→ **Work to complete**: Start at the first line of the material. Repeat each line exactly through the one containing "Esto fue posible", then stop.

━━━ Materials provided

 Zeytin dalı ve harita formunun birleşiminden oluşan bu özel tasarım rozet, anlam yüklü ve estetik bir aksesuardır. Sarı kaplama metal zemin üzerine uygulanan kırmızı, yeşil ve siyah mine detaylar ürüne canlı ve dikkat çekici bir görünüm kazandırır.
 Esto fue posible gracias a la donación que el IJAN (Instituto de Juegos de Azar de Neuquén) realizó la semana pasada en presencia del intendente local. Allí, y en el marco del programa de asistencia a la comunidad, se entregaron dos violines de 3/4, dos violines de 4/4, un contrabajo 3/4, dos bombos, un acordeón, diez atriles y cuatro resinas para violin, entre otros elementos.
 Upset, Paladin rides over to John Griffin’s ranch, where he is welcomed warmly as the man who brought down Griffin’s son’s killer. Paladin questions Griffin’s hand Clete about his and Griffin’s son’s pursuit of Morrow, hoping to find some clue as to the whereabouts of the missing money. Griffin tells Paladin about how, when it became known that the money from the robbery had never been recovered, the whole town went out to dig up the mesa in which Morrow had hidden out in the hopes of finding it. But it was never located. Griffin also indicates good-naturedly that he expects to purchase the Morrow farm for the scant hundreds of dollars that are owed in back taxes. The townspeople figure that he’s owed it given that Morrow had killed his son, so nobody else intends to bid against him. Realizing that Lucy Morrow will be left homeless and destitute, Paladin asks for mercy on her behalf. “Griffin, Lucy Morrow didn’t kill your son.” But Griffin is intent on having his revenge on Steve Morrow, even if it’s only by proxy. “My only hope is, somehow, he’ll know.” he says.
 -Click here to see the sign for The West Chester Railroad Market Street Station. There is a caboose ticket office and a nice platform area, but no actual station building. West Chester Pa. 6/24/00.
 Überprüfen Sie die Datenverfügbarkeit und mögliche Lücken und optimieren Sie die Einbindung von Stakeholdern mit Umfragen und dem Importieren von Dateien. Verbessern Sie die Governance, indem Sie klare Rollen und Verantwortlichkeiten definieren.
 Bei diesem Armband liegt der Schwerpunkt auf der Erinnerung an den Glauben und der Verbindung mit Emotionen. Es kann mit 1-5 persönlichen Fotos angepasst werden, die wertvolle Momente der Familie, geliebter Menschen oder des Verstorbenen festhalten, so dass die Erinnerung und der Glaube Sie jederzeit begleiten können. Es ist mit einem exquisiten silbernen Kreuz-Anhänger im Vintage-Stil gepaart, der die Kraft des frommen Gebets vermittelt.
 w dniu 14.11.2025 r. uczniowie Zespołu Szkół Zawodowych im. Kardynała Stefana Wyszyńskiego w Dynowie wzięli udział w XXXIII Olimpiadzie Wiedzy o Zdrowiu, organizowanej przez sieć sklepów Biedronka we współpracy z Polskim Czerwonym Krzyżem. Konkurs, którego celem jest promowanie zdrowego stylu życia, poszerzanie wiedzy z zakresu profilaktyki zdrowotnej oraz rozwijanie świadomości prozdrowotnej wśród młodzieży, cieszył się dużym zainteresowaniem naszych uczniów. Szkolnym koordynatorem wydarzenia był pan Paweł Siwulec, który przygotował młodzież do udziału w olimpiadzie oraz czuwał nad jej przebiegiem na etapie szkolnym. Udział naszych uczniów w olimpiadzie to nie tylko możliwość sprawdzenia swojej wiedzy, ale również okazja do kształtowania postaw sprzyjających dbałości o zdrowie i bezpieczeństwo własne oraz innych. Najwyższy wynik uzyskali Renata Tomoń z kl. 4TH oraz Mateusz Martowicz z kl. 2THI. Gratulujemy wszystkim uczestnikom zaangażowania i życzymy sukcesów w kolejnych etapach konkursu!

━━━━━━

→ **Exercise output**:
 Zeytin dalı ve harita formunun birleşiminden oluşan bu özel tasarım rozet, anlam yüklü ve estetik bir aksesuardır. Sarı kaplama metal zemin üzerine uygulanan kırmızı, yeşil ve siyah mine detaylar ürüne canlı ve dikkat çekici bir görünüm kazandırır.
 Esto fue posible gracias a la donación que el IJAN (Instituto de Juegos de Azar de Neuquén) realizó la semana pasada en presencia del intendente local. Allí, y en el marco del programa de asistencia a la comunidad, se entregaron dos violines de 3/4, dos violines de 4/4, un contrabajo 3/4, dos bombos, un acordeón, diez atriles y cuatro resinas para violin, entre otros elementos.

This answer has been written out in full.